» **THE TASK**: Verbatim repeat, images excluded. Give each entry again as written.

» **Data extracted from a collection**:
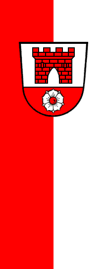 Flag and arms were approved on 7 September 1960. The shield displays in a silver (= white) field a canting red castle (German: Rote Burg), which is also part of the arms of the city of Rottenburg. The silver rose is taken from the arms of the 13th century Counts of Moosburg, who had many estates in the area and who added the title Von Rottenburg to their name. In the late 13th century the possessions were sold to the Dukes of Bavaria.
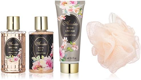 エレガントで落ち着いた雰囲気のあるAMULETOシリーズは、大人っぽい方におすすめのボディケアセット。シャワージェル(150ml)、ボディクリーム(100ml)、バスソルト(150g)、ボディスポンジが入っています。
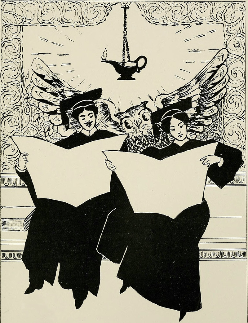 An owl reads over their shoulders.  From Swarthmore's 1897 yearbook.
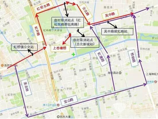 其中上岙塘桥最为复杂,施工期间采取半幅封闭半幅通行的施工方案,东向西方向正常通行;而西向东方向禁止所有车辆通行,途经车辆可参照下图所示线路进行绕行:虹许路→红松东路→古北路→吴中路(红色线路);莲花路→宜山路→虹漕路或者桂林路(紫色线路),另外公交线路也将改道。
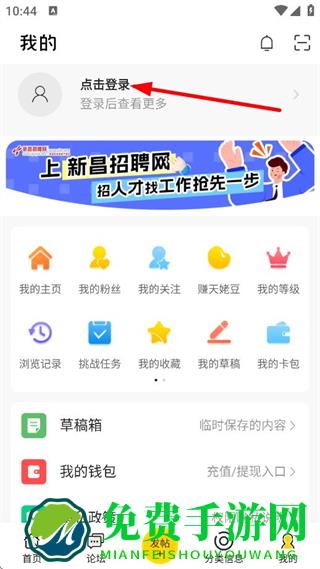 2、在个人页面,点击登录,进入账号密码登录页面。
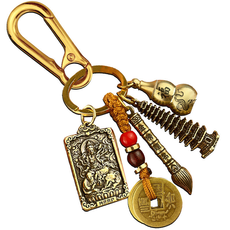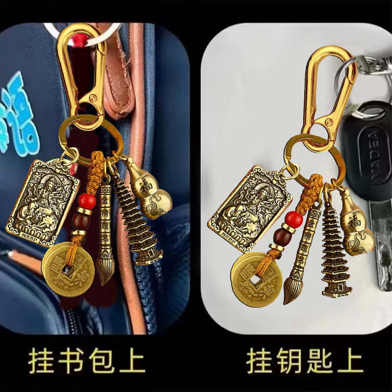 黄铜文昌塔十二生肖钥匙扣6件套男女孩学生挂件金榜题名步步高升
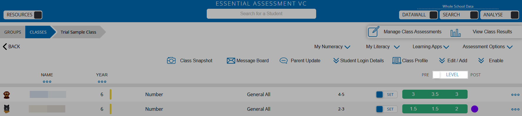 Here, you will be able to see their results as both the percentage and level. You will also be able to see the date the assessment was completed.
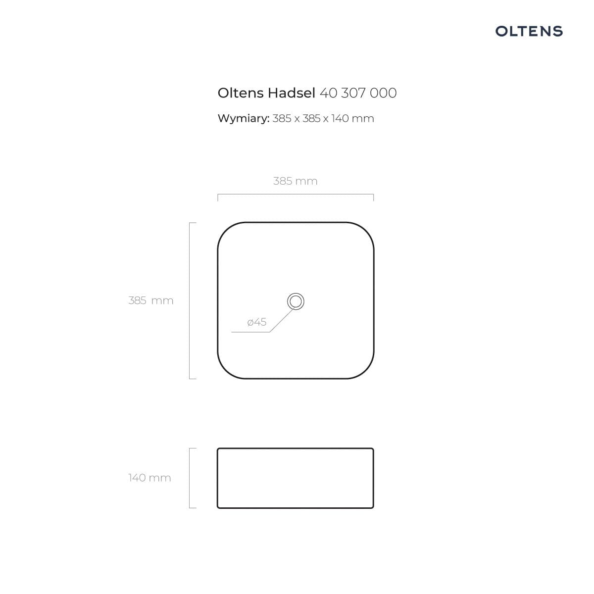 Oltens Hadsel umywalka 38,5 cm nablatowa kwadratowa biała 40307000
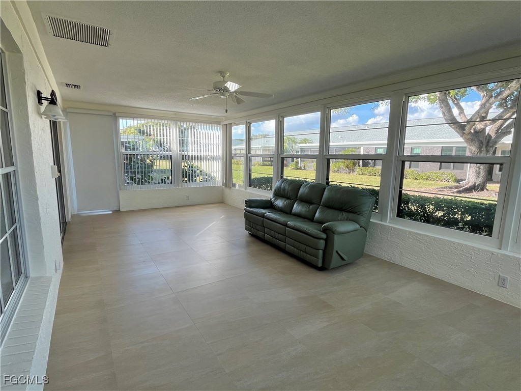This spacious 3 bedroom unit features a gorgeous updated kitchen, bright and cheery bedrooms and baths, plus an air conditioned lanai with impact windows to provide additional year round living space! This condo has great storage closets and cabinetry within, and in the garage as well. The garage even has an electronic roll down screen which converts the garage to giant screened area! Great for gatherings if the weather is rainy! The pull down hatch to the attic stairs is lso vented for good air circulation. The association replaced every roof in the community in 2025 and there is no remaining assessment.

» **RESULT FOR THIS TASK**:
 Flag and arms were approved on 7 September 1960. The shield displays in a silver (= white) field a canting red castle (German: Rote Burg), which is also part of the arms of the city of Rottenburg. The silver rose is taken from the arms of the 13th century Counts of Moosburg, who had many estates in the area and who added the title Von Rottenburg to their name. In the late 13th century the possessions were sold to the Dukes of Bavaria.
 エレガントで落ち着いた雰囲気のあるAMULETOシリーズは、大人っぽい方におすすめのボディケアセット。シャワージェル(150ml)、ボディクリーム(100ml)、バスソルト(150g)、ボディスポンジが入っています。
 An owl reads over their shoulders.  From Swarthmore's 1897 yearbook.
 其中上岙塘桥最为复杂,施工期间采取半幅封闭半幅通行的施工方案,东向西方向正常通行;而西向东方向禁止所有车辆通行,途经车辆可参照下图所示线路进行绕行:虹许路→红松东路→古北路→吴中路(红色线路);莲花路→宜山路→虹漕路或者桂林路(紫色线路),另外公交线路也将改道。
 2、在个人页面,点击登录,进入账号密码登录页面。
 黄铜文昌塔十二生肖钥匙扣6件套男女孩学生挂件金榜题名步步高升
 Here, you will be able to see their results as both the percentage and level. You will also be able to see the date the assessment was completed.
 Oltens Hadsel umywalka 38,5 cm nablatowa kwadratowa biała 40307000
This spacious 3 bedroom unit features a gorgeous updated kitchen, bright and cheery bedrooms and baths, plus an air conditioned lanai with impact windows to provide additional year round living space! This condo has great storage closets and cabinetry within, and in the garage as well. The garage even has an electronic roll down screen which converts the garage to giant screened area! Great for gatherings if the weather is rainy! The pull down hatch to the attic stairs is lso vented for good air circulation. The association replaced every roof in the community in 2025 and there is no remaining assessment.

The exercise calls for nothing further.